Exercise objective
Here is the task for the records below: repeat exactly the lines from the one with "本年度給食2日目の4月11日" to the one with "Enjoy your favourite", both included, and nothing else.

BEGIN Data shown

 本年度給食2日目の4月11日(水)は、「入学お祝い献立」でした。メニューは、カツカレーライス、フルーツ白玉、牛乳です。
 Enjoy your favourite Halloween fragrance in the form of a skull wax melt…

END Data shown
BEGIN Data shown

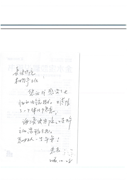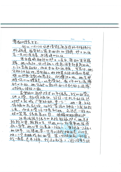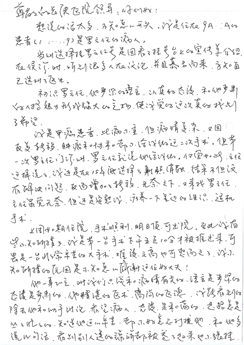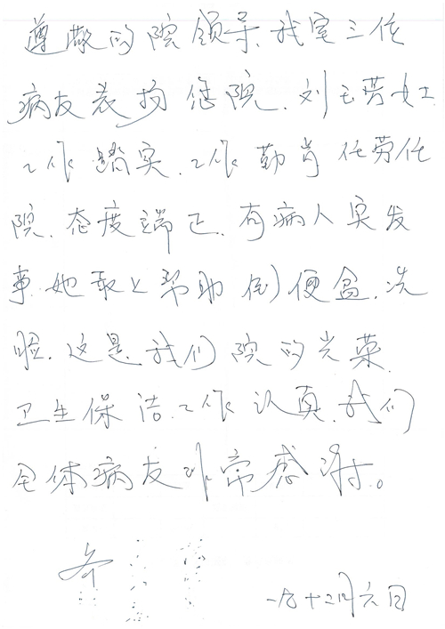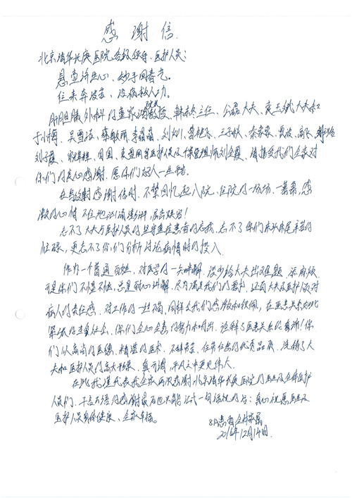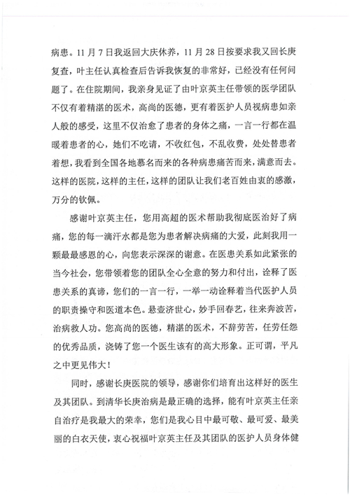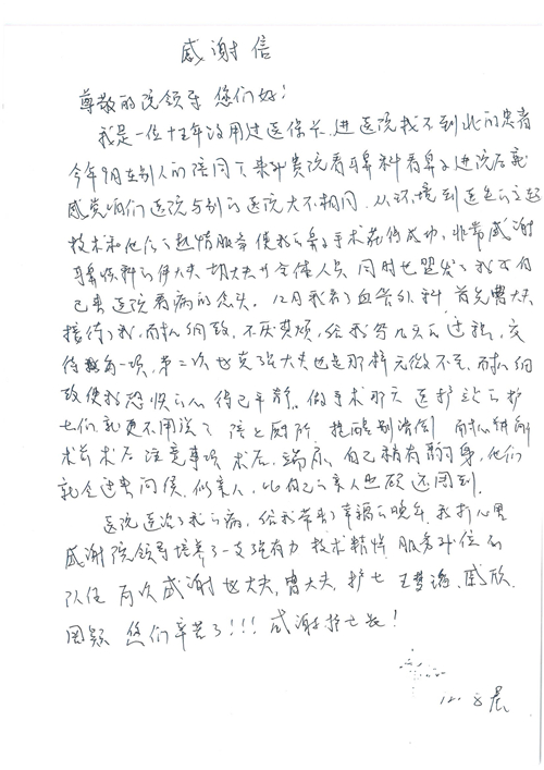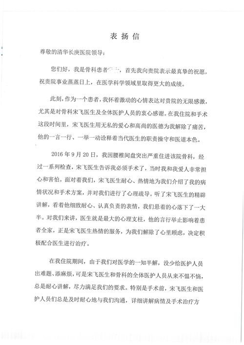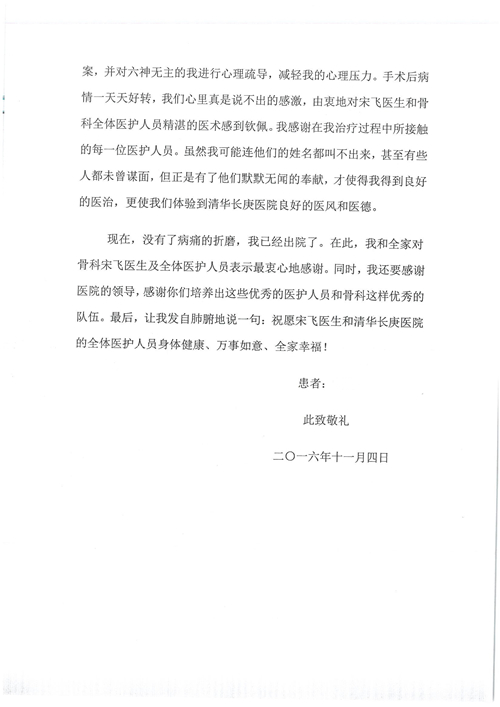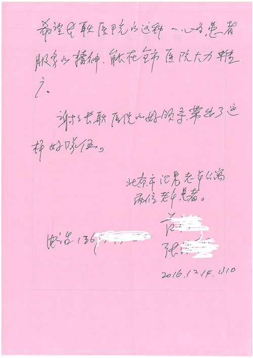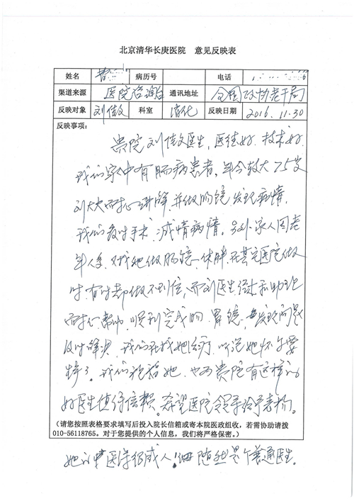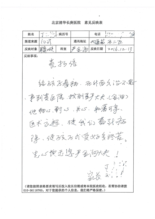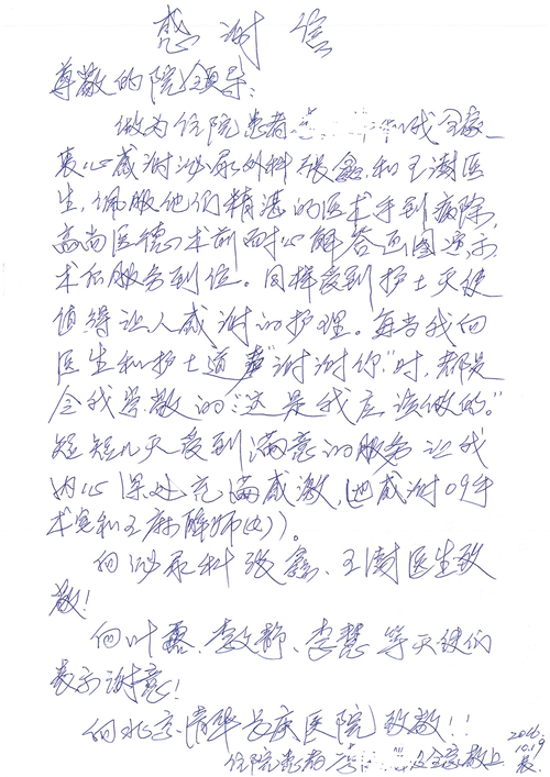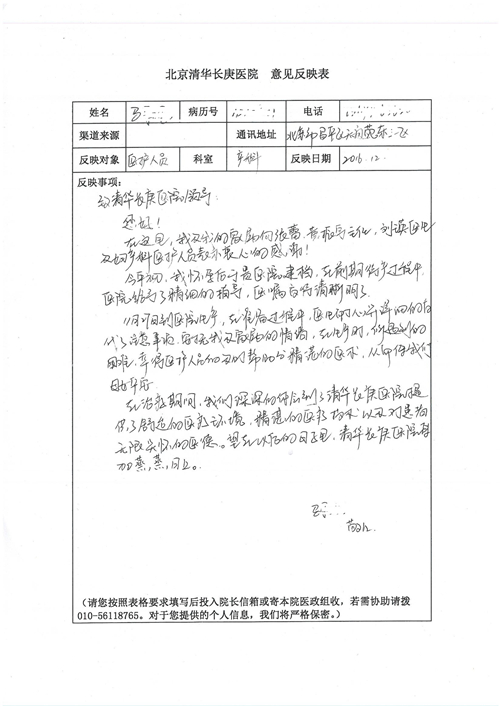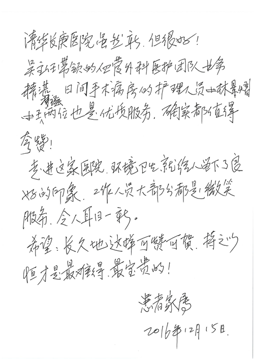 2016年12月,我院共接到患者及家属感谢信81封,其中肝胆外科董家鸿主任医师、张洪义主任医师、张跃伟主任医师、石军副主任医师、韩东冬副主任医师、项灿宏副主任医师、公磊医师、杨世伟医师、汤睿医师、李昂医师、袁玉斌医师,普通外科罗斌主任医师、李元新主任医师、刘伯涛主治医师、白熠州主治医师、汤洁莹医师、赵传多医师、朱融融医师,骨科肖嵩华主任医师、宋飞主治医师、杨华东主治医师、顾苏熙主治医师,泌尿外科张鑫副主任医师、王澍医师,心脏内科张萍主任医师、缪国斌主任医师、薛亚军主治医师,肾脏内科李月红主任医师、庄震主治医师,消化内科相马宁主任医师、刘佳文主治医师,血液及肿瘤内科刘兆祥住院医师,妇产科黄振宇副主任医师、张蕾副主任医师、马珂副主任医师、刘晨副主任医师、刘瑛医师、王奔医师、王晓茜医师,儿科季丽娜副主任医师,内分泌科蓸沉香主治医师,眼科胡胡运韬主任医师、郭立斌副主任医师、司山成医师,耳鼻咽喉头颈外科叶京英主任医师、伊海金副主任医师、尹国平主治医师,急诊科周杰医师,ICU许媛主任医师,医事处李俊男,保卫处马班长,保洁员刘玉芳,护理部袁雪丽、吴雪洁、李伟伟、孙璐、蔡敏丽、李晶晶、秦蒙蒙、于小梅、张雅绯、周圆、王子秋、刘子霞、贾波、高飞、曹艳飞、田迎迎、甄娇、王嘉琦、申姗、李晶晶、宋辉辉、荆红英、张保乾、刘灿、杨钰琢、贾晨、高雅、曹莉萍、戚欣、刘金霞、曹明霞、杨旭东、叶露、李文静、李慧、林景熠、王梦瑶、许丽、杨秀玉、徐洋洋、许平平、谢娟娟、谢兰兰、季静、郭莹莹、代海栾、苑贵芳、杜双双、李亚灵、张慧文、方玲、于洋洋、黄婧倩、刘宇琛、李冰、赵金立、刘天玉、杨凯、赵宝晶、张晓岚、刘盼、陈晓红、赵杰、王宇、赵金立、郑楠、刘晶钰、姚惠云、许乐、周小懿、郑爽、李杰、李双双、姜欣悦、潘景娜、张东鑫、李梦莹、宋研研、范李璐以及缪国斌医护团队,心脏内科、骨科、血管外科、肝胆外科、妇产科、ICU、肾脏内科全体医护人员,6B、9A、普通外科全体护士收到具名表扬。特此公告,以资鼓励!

END Data shown
BEGIN Data shown

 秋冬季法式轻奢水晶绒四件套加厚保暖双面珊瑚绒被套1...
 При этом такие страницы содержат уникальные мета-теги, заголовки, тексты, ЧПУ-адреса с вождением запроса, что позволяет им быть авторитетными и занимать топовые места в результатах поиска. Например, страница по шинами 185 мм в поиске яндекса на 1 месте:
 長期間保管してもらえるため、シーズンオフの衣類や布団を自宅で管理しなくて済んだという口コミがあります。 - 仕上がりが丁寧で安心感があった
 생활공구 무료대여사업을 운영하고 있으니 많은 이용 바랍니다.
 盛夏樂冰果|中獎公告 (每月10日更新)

END Data shown

Solution for this task
 本年度給食2日目の4月11日(水)は、「入学お祝い献立」でした。メニューは、カツカレーライス、フルーツ白玉、牛乳です。
 Enjoy your favourite Halloween fragrance in the form of a skull wax melt…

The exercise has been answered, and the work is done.